How to use emerge as Docker container

The easiest way to use emerge in a pre build Docker container. The only prerequisite is to have a Docker engine. For example the Docker Desktop.

Prepare your working folder like this

config.yml
📁export
📁source
  • config.yml = configuration file
  • export = folder for your export
  • source = folder which contains your source code.

The command to run the analysis is than:

docker run --rm -v <YOUR_WORKING_FOLDER_PATH>:/tmp/emerge achtelik/emerge:2.0.0 /tmp/emerge/config.yml

The last parameter is the path to the config.yml inside the Docker container.

⚡You can ignore the Pyperclip error at the end of the run.

config.yml

If you use the suggestion from above, than pay attention that your analyses.source_directory and export.directory path have to start with /tmp/emerge. This is necessary because your analysis is running inside the Docker container.

For example:

---
project_name: java_project_example
loglevel: info
analyses:
- analysis_name: full java check
  source_directory: /tmp/emerge/source
  .
  .
  .
  export:
  - directory: /tmp/emerge/export
  .
  .
  .

💡The Docker container itself is path independent. Feel free to use your own volume mount and project config paths.

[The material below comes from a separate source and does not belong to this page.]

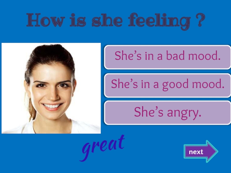 She’s in a bad mood.She’s in a good mood.She’s angry. nextgreatHow is she feeling ?
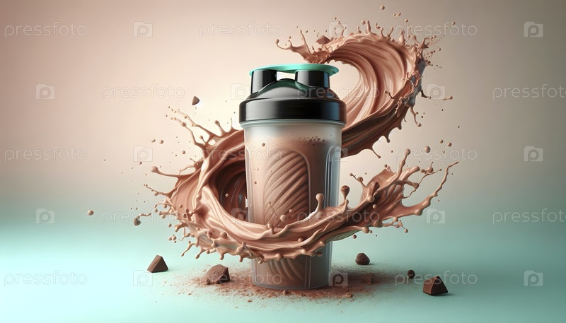 Изолированная прозрачная бутылка для шейкеров с вращающимся шоколадным белковым напитком, Ai created image

How to install and use emerge as a user

Basically there are two ways to install emerge. If you're familiar with pip (a virtual environment by using pyenv, virtualenv and virtualenvwrapper is recommended, but not needed) you can simply install the latest version of emerge with the following few steps.

0️⃣ ~ (Optional) Setup a virtual environment with pyenv

The recommended way would be to use a virtual env, you can do this by using the following example:

pyenv install 3.10.0
pyenv virtualenv 3.10.0 venv-3.10.0
pyenv activate venv-3.10.0

1️⃣ ~ Install emerge with pip

You can simply install emerge by using pip.

1️⃣.1️⃣ ~ (ubuntu) install prerequisites

On Ubuntu 20.04+ pleaase make sure that the packages graphviz and graphviz-dev are installed, i.e.

apt-get install graphviz graphviz-dev

1️⃣.2️⃣ ~ Install with pip

Either install as new package with:

pip install emerge-viz

or if it's already installed, just update with:

pip install -U emerge-viz

and then simply execute it like this:

(emerge) user@host ~ % emerge
usage: emerge [-h] [-c YAMLCONFIG] [-v] [-d] [-e] [-a LANGUAGE]

🔎 Welcome to emerge x.y.z (yyyy-mm-dd hh:mm:ss)

options:
  -h, --help            show this help message and exit
  -c YAMLCONFIG, --config YAMLCONFIG
                        set yaml config file
  -v, --verbose         set logging level to INFO
  -d, --debug           set logging level to DEBUG
  -e, --error           set logging level to ERROR
  -a LANGUAGE, --add-config LANGUAGE
                        add a new config from a template, where LANGUAGE is one of [JAVA, SWIFT, C, CPP, GROOVY, JAVASCRIPT,
                        TYPESCRIPT, KOTLIN, OBJC, RUBY, PY, GO]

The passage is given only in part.